A Nick Train favorite

The FTSE100 The company acts as a global information service provider. And it’s one of the favorites of well-known successful fund manager Nick Train.

For example, the stock is one of the top 10 holdings in Finsbury Growth and Income Trustthat he manages. And he also has a large personal stake in the foundation.

Train aims to buy and hold shares for the long term. And one of its key requirements is that a business has the potential to generate a growing revenue stream year after year.

Meanwhile, Experian’s normalized earnings show a compound annual growth rate (CAGR) of just under 9%. And shareholder dividends are just under 6%.

The balance sheet is strong, and its record operating cash flow shows a CAGR of just over 6%.

There is a lot to like about the company, its trading history and financial record. And City analysts are forecasting high-single-digit percentage increases in earnings and dividends for the year through March 2024.

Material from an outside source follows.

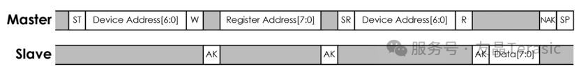 主机先产生一个起始信号ST,再由主机发送出欲控制的器件地址Device Address[6:0],再加上 1 位的 W/R 读写位(设定为 0)。从机收到主机发送出8 位信号后,会回应一个 ACK 信号;接着送出寄存器地址Register Address[7:0],从机收到主机发送出8 位信号后,会回应一个 ACK 信号;接着主机重新送出开始信号SR(restart),再由主机发送出欲控制的器件地址DeviceAddress[6:0],再加上 1 位的 W/R 读写位(设定为 1)。从机收到主机发送出8 位信号后,会回应 一个 ACK 信号。接着读取 8 位数据 Data[7:0],主机收到8 位信号后发送一个NACK给从机,通知从机主机不再需要更多的数据,最后从主机送出停止信号SP:

And those estimates are supported by a robust forecast statement that was provided in January’s third-quarter trading update.

Chief Executive Officer Brian Cassin said at the time the business had performed well in the three months ended December 31, 2022. And the results were in line with directors’ expectations.

Continuous steady growth of the company

Cassin cited new products, new business deals and consumer expansion as reasons for the success.

The pressure in the global economy is likely to continue for some time. But Cassin believes the business will remain resilient. And that’s because of the company’s growth strategy and its increasing countercyclical revenue streams.

We will learn more about the recent trading on the full year earnings report due May 16th.

In the meantime, it looks like the stock has been dragged lower in the recent bout of overall stock market weakness. With a share price of 2,641 pence, it is around 12% lower than a month ago. And to put that development in perspective, it’s down a little over 10% over the past year.

But there’s no obvious evidence of any immediate problems in the underlying business. So the current price weakness could be an opportunity to buy the stock cheaper.

However, the rating already looks pretty full. And that situation may pose some risks for shareholders. After all, even quality companies with strong finances and a decent trade balance can run into operational problems from time to time. And if the company goes ex-growth going forward, the valuation could come down.

Right now, the forward-looking earnings multiple for the trading year ended March 2024 sits just below a lofty 22. Still, investors should now dig deeper into the research to make the stock a long-term holding in a diversified portfolio.